Riggsfolly already warned you about generating your own IDs.
It is MUCH safer to let the database generate UNIQUE ID's.
(Almost) Every table I create gets a primary key that has some form of SERIAL in it.
For example: For Postgres I use SERIAL:
CREATE TABLE registration (
registrationid SERIAL PRIMARY KEY,
project_name VARCHAR(100),
whatever VARCHAR(1000)
)
You seem to use MYSQL: Look up AUTO_INCREMENT.
Now, if you insert into that table, you do it without the registrationid:
INSERT INTO registration (project_name , whatever ) VALUES ('test2', 'hi there');
If this is the first insert in the table registrationid will automagically become 1.
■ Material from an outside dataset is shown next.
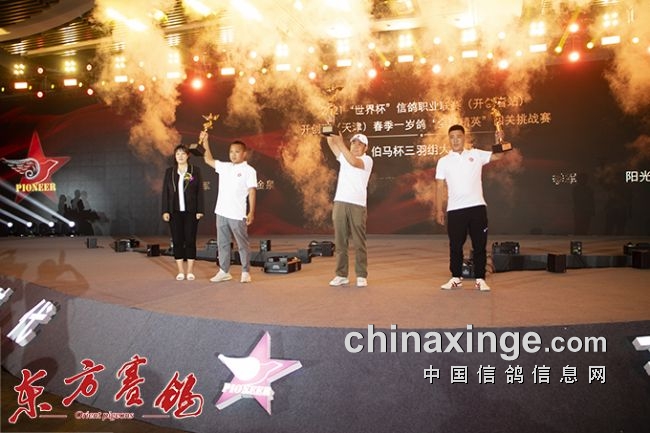 中国信鸽协会秘书长——王佳鑫为获得“伯马杯”大奖赛季军——阳光开尔徐应捷、亚军 ——张金泉、冠军——杨世杰颁奖。
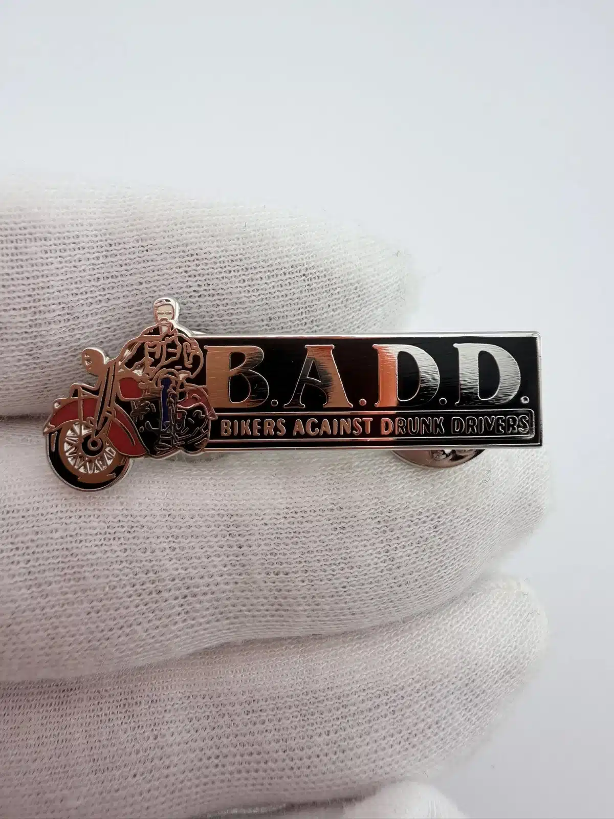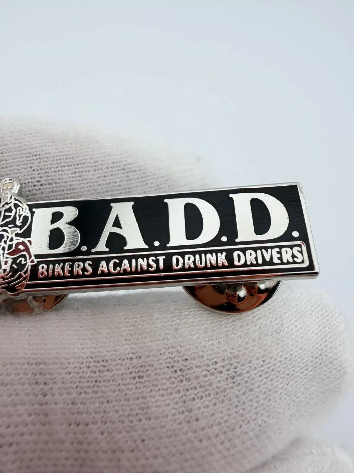 This BADD pin showcases a detailed biker riding a striking red motorcycle, symbolizing the organization’s commitment to combating drunk driving. The design emphasizes the motorcycle culture while promoting a serious message about safety and responsibility on the roads.

Next insert is will be 2. etc etc.
Now suppose you did this 1000 times, you next one will then be 1001.
When you delete a few, that doesn't matter, the next will be 1002.
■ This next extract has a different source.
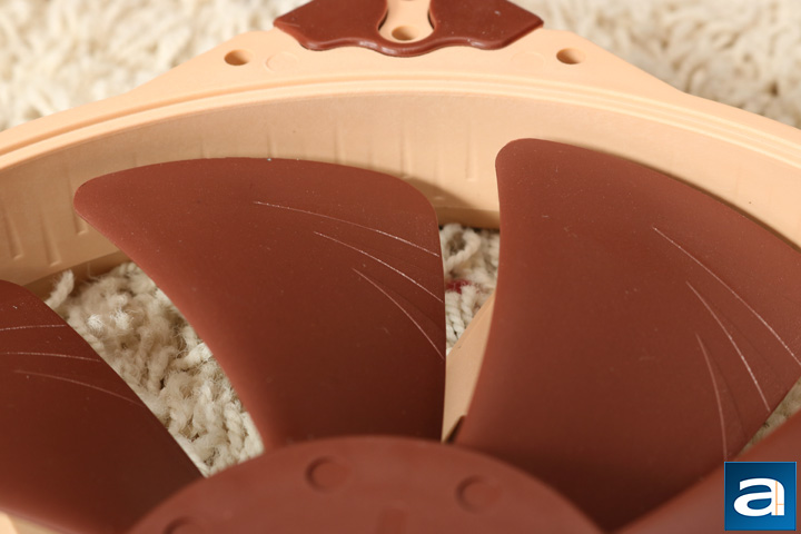 Each of the fans have mostly the same design and features. I will generally go over each of the same design choices here, then I will go into what is unique to each of the fans as we proceed through this review. All of the Noctua NF-A series fans feature flow acceleration channels. According to Noctua, these grooves at the outer edges of the fan blades speed up the airflow at the outer regions while reducing suction side flow separation, which will increase efficiency and lower the vortex noise. They also feature a stepped inlet design, ensuring a transition from laminar flow to turbulent flow, which again, according to Noctua's website, reduces tonal intake noise. Furthermore, it also improves flow attachment and increases suction capacity. There are also inner surface microstructures, which reduces blade passing and improves airflow and pressure sensitivity. Each fan features Noctua's AAO (Advanced Acoustic Optimization) frame, which are the integrated anti-vibration pads and the other two features I have covered above.

Now: If you want the query for the highest registrationid AND some project_name, do it like you did, but make sure you get the MAX() of the ones that have your desired project_name:
SELECT *
FROM registration
WHERE registrationid= (SELECT MAX(registrationid) FROM registration WHERE (project_name='test2') ) ;
2 last observations:
- Follow Riggsfolly's advice and do not generate your own uniqueness, but let the database do this using appropriate syntax when defining your table (SERIAL for Postgres, AUTO_INCREMENT for MySQL, etc).
- In my example the inserts are naive. It is better to use PDO for databinding when working with strings to avoid SQL-injection.